Conflict: Moving from Cowardice to Confidence
Experiencing conflict is a part of everyday life. A common response is avoidance. Most people say they just don’t like confrontation. It makes them uncomfortable, and some even become physically ill at the thought of discussing a challenging issue face-to-face. How then can you become more productive with conflict while still keeping your emotions in check?
Healthy and productive conflict can lead to:
- Better relationships
- Increased confidence
- Decreased anger and depression
- Greater respect for yourself and from others
- Career development
So why would a person avoid such constructive outcomes? Reasons people shy away from conflict vary based on many things: personality style, the way they were raised, their culture, and even the people in their environment.

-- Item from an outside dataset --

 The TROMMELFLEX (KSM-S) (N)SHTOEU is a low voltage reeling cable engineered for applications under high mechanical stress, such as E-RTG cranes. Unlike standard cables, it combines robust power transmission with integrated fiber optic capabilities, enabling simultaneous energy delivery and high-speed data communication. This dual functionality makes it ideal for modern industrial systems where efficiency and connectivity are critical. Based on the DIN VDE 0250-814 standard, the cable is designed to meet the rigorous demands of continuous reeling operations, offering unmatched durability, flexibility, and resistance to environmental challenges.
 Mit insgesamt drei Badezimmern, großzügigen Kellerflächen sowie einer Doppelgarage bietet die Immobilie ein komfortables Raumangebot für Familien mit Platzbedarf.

Even obvious issues that are considered “undiscussable” can establish a blueprint for how a person interacts in the workplace.

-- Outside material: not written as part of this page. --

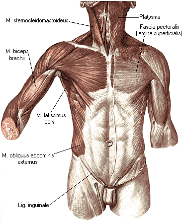 Наружная косая мышца живота, m. obliquus abdominis externus, плоская, широкая, начинается 8 зубцами от боковой поверхности 8 нижних ребер. На переднебоковой поверх-ности грудной клетки 5 верхних зубцов вклиниваются между нижними зубцами передней зубчатой мышцы, а 3 нижних — между зубцами широчайшей мышцы спины. Пучки наружной косой мышцы направляются косо вниз и кпереди и переходят в апоневроз. Верхняя часть апоневроза направляется к срединной линии и участвует в образовании передней стенки влагалища прямой мышцы живота. Пучки апоневроза этой мышцы, как и всех широких мышц живота, достигая срединной линии, переплетаются с пучками апоневрозов одноименных мышц противоположной стороны и, таким образом, участвуют в образовании белой линии живота, linea alba. Нижние пучки наружной косой мышцы прикрепляются к переднему отделу наружной губы подвздошного гребня. Средние пучки апоневроза перебрасываются над передней вырезкой тазовой кости и натягиваются между spina iliaca anterior superior и лобковой костью. При этом нижний край апоневроза, подворачиваясь назад и книзу, образует желоб. Этот утолщенный нижний край апоневроза, натянутый между spina iliaca anterior superior, с одной стороны, и tuberculum pubicum и symphysis pubica — с другой, носит название паховой связки, lig. inguinale. У лобковой кости пучки паховой связки расходятся и образуют две ножки. Одна из них, называемая медиальной ножкой, crus mediale, прикрепляется к симфизу, переходя частью пучков на противоположную сторону, а другая, латеральная, ножка, crus laterale, к tuberculum pubicum одноименной стороны. Между ножками образуется треугольная щель, верхнебоковой угол которой закруглен дугообразно идущими межножковыми волокнами, fibrae intercrurales. От внутренней части латеральной ножки отделяются пучки, —направляю-щиеся кнутри и медиально к передней пластинке влагалища прямой мышцы живота. Эти пучки получили название загнутой связки, lig. reflexum. Остающееся в форме овала отверстие в апоневрозе наружной косой мышцы живота, ограниченное двумя ножками паховой связки, межножковыми волокнами и загнутой связкой, является поверхностным паховым кольцом, anulus inguinalis superficialis. Через него выходит у мужчин семенной канатик, funiculus spermaticus, а у женщин — круглая связка матки, lig. teres uteri (в патологических случаях через него, кроме того, могут выпячиваться органы, образуя так называемую паховую грыжу, hernia inguinalis). От медиального конца латеральной ножки отделяется пучок, направляющийся кзади и латерально по краю верхней ветви лобковой кости. Этот пучок закругляет острый угол между паховой связкой и лобковой костью и получает название лакунарной связки, lig. lacunare. Позади заднего края наружной косой мышцы живота, над подвздошным гребнем, в стенке туловища отмечается участок треугольной формы, называемый поясничным треугольником, trigonum lumbale (см. Мышцы спины). Действие: является мышцей брюшного пресса; сокращаясь с одной стороны, вращает туловище в противоположную сторону; двустороннее сокращение при укрепленном тазе тянет грудную клетку и сгибает позвоночный столб. Иннервация: nn. intercostales (V-XII), n. lumbalis (Th5-Th12;L1). Кровоснабжение: аа. intercostales, thoracica lateralis, circumflexa ilium superficialis.

Few people actually enjoy discussing difficult issues, but some seem to have it mastered. Does this mean that they have never experienced difficulties and always had positive interactions where everyone talked through every issue or resolved all problems to a mutually satisfying end? Not necessarily. It could be quite the opposite. And the result is that they developed a coping mechanism to better manage conflict. This then assumes this: Dealing with conflict is a skill that can be learned, practiced, and sharpened. Click To Tweet
Some basic steps for dealing with conflict:
- Realize that most people would prefer to just avoid the situation. Maybe it will just go away. The discomfort is natural. Don’t let that feeling make you a victim.
- Issues become more difficult with time. Problems are much easier to resolve if you address them early.

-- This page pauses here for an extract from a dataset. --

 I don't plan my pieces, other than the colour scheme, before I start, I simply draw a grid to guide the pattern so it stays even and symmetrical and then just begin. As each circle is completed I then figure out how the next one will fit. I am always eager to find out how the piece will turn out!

- Recognize your triggers and patterns. If you don’t like conflict, you may find yourself becoming quiet or demonstrating non-verbal signals which may only provoke the other person. Stand or sit upright. Make eye contact and speak in a confident tone. This already demonstrates that you aren’t going to simply become prey to an overbearing personality.
- Confront the issue—not the person. Begin by using “I” statements instead of “you.” For example, “I need you to…” versus “You need to…” It makes it less personal.
- Practice your responses. If you find yourself wishing you would have said something differently, practice your response and use it the next time around. If you have a person in your workplace that uses passive aggressive offhanded remarks, respond by asking, “What did you mean by that?” It offers the person a chance to clarify while you let them know that you are not afraid to address their comments.
- Concentrate on how much better you’ll feel after the issue is addressed. Even if you don’t like the conflict, getting it out in the open (and hopefully resolved) should provide a sense of relief and reduce anxiety.
If you are a person who usually avoids conflict, you likely hate it, and will always hate it. You may not choose conflict or confrontation—nor is it appropriate—for every situation. It won’t work every time and may even occasionally cause issues. But when you practice, and become good at it, conflict
management can be an invaluable tool leading to greater self-esteem, personal growth, and better relationships.